- Problem to work on: Set down exactly the lines in the records below that run from the line with "智能制造標(biāo)準體系結(jié)構(gòu)包括" to the line with "Your choice of", inclusive, and nothing more.

- Source records:
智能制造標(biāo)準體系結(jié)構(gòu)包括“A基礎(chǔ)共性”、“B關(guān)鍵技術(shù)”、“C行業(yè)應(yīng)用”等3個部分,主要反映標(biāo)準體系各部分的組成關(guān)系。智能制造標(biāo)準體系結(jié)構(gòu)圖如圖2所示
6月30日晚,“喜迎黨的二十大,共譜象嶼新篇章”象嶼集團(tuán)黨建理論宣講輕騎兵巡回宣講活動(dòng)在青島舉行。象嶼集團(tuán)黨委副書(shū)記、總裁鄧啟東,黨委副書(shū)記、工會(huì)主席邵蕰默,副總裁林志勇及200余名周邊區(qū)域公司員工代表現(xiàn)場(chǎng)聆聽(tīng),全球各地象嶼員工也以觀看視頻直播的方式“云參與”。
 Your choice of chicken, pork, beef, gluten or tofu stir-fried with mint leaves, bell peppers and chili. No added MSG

* * *

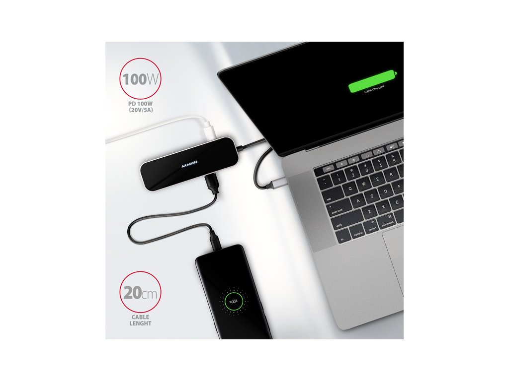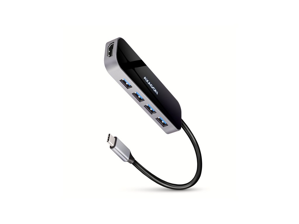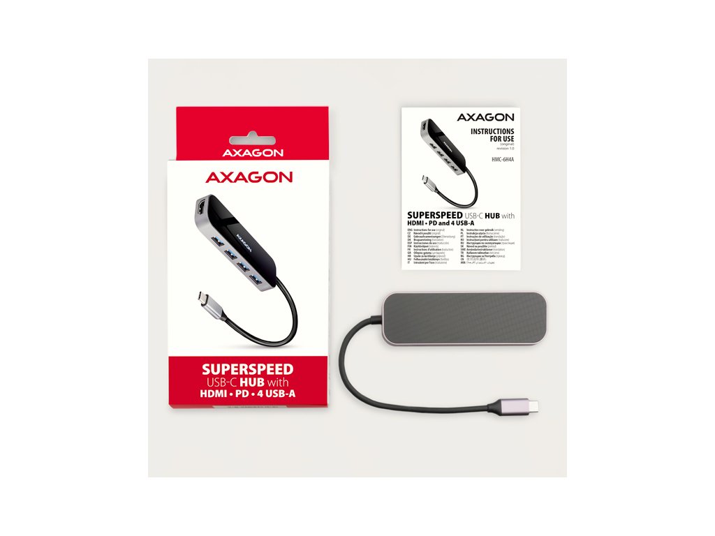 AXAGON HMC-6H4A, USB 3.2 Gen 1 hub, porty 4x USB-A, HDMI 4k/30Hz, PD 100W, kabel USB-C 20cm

...

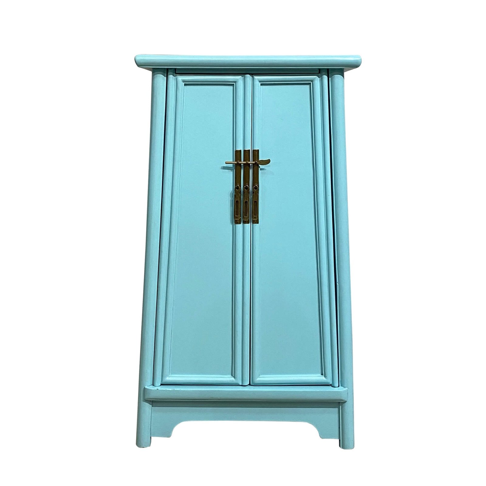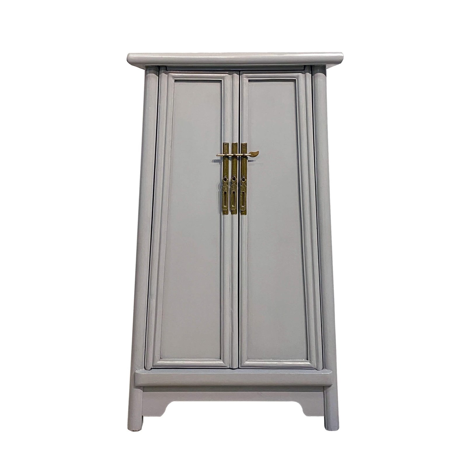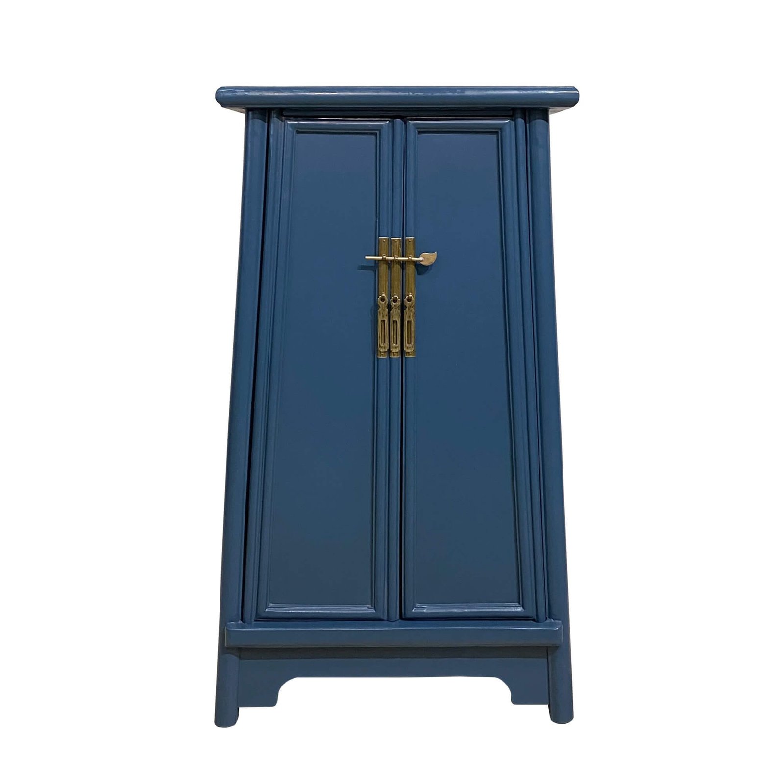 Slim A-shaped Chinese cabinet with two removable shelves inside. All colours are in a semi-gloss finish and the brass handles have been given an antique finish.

- Response:
智能制造標(biāo)準體系結(jié)構(gòu)包括“A基礎(chǔ)共性”、“B關(guān)鍵技術(shù)”、“C行業(yè)應(yīng)用”等3個部分,主要反映標(biāo)準體系各部分的組成關(guān)系。智能制造標(biāo)準體系結(jié)構(gòu)圖如圖2所示
6月30日晚,“喜迎黨的二十大,共譜象嶼新篇章”象嶼集團(tuán)黨建理論宣講輕騎兵巡回宣講活動(dòng)在青島舉行。象嶼集團(tuán)黨委副書(shū)記、總裁鄧啟東,黨委副書(shū)記、工會(huì)主席邵蕰默,副總裁林志勇及200余名周邊區(qū)域公司員工代表現(xiàn)場(chǎng)聆聽(tīng),全球各地象嶼員工也以觀看視頻直播的方式“云參與”。
 Your choice of chicken, pork, beef, gluten or tofu stir-fried with mint leaves, bell peppers and chili. No added MSG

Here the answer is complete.